2017-05-20T11:16:38+00:00

BrainsTrust

Guest


The money will go into the Big Bash expanding it yet again. As to what happens to the Sheffield SHield who knows, and the money paid to those playing it will be reduced again and transferred to the Big Bash. The BCI have not paid a cent for the IPL, they just collect money from it. They don;t even really bother paying the Indian team either, where the money goes, or where it went who knows. I think Cricket Australia thinks that the future of cricket is in T20 comps, so that if it pours enough money, markets it enough then it will become a rival to the IPL.

2017-05-20T10:40:42+00:00

Simoc

Guest


Yes the CA should stop being greedy. They're a " job for the boys" hopeless mob of backslappers trying to take the game back twenty years, to keep themselves relevant.

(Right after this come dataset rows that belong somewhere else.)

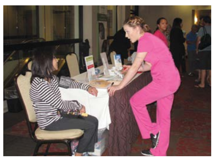
Urgent Care Hawaii enjoys a busy day checking the blood pressure of health-concerned visitors.
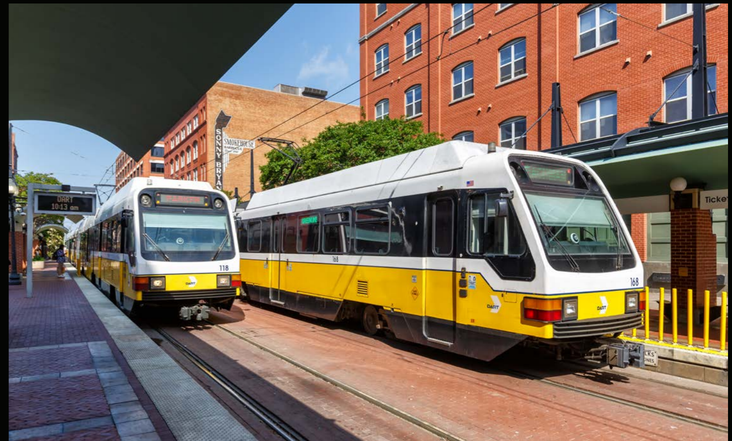
EASY DART ACCESS
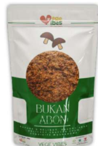
Figure 4. Bukan Abon
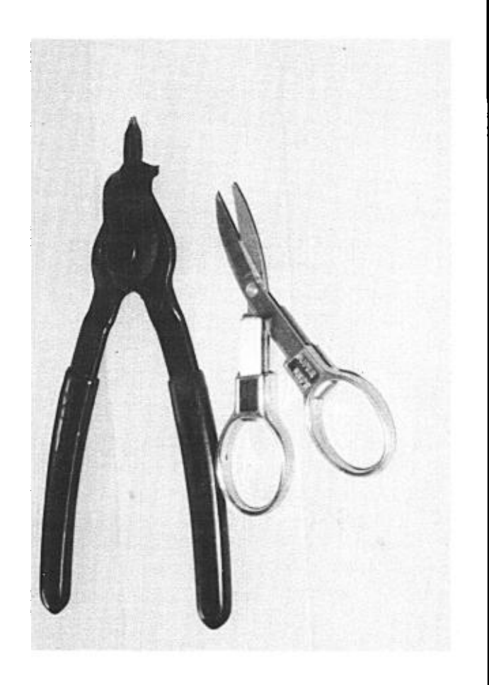
Figure 2. Small scissors used to open a size zero band on a Dark-eyed Junco ( Junco hyemalis ).

Figure 1. Retaining ring pliers (left) and small scissors.
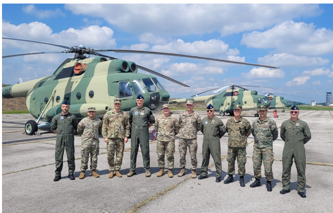
A team from DSCU's DIILS recently traveled to Bosnia and Herzegovina to conduct a seminar on Human Rights and the Law of Armed Conflict with members of their military.
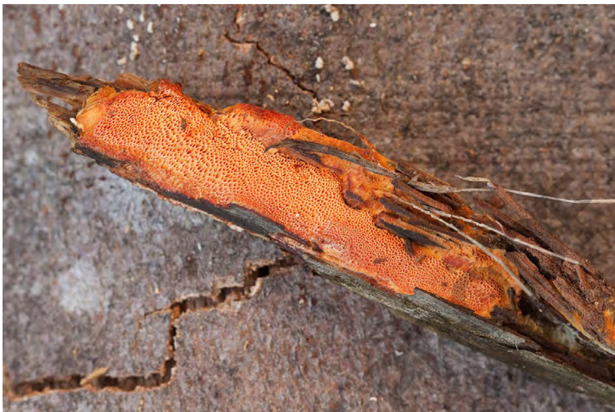
Fig. 7. Basidiomata of Auriporia aurulenta A. David, Tortič & Jelič from the Bieszczady Mts (Sep 05, 2011).
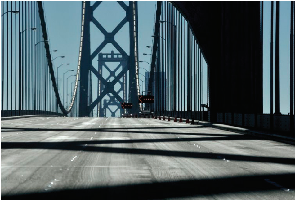
The Bay Bridge in San Francisco, closed.
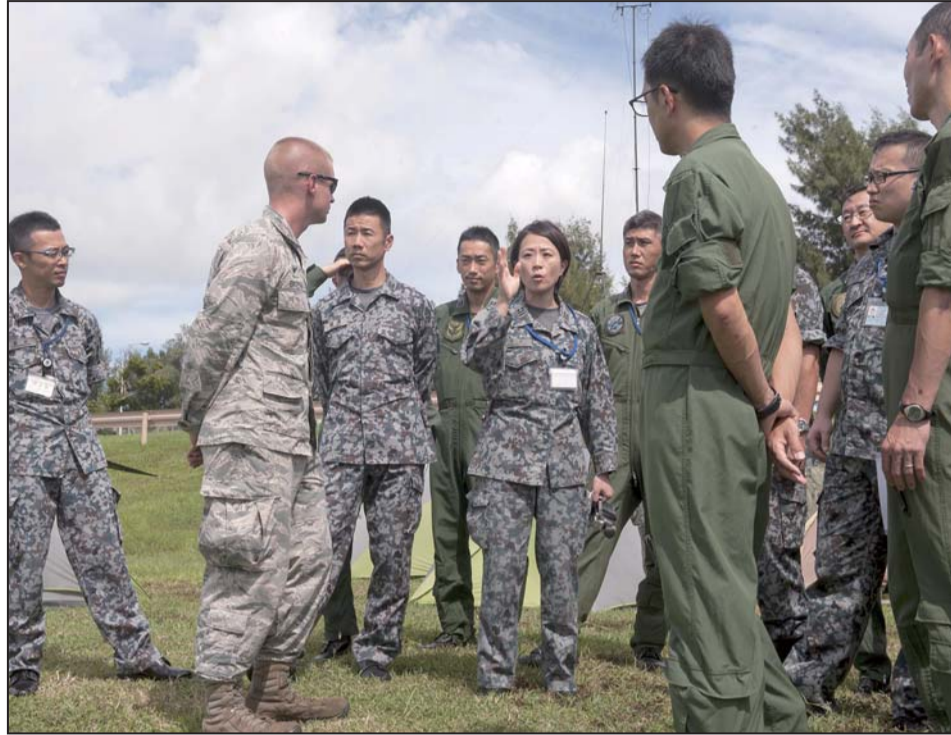
Members from the U.S. Air Force, the Japan Air Self-Defense Force, and the Royal Australian Air Force, observe and discuss fueling operations during exercise Tropic ACE Aug. 29, at Kadena Air Base.

If it's taken Sutherland in excess of 10 years to decide he wants to fund grassroots cricket more, that tells you just how incompetent he has been at his job. He has introduced masses of coaches at the top level for heaps of cost and zero benefit compared to the previous set up and results over a similar period. The current funding model works successfully across the world of professional sport. CA needs to employ professionals into the jobs rather than these in-house pampered amateurish ex-cricketers that keep keeping their collective snouts in the trough. It matters little anyway as T20 is what the fans and the players want and CA isn't required or any good at understanding T20. The test matches are for the journos and ex-players where they can pass the time doing very little. CA wouldn't make this play if the upcoming series was vs Pakistan.

2017-05-20T05:10:45+00:00

David McDaniel

Roar Pro


The players are paid more than enough and the CA is proposing the money saved will go to grassroots. They should stop being greedy, will no one think of the children?

2017-05-20T03:13:51+00:00

Rellum

Roar Guru


The Shield players are in this with the test players, hence the desire on the part of the players to stand up for all levels of players off the game, including grass roots. It is CA who wants to take away from that, so no Shield players will be fronting up, or even 2nd XI players if I understand correctly. You are going to have to settle for 1st Grade players, if that will make it interesting for you.

2017-05-20T02:48:18+00:00

mozza

Guest


pick a team of shield players - will make make the ashes heaps more interesting - sick of this current overrated borish xi

2017-05-20T02:18:26+00:00

Chui

Guest


Honest question for someone involved in IR law. Can a player's strike be deemed illegal by an IRC the way other strikes by trade union members are?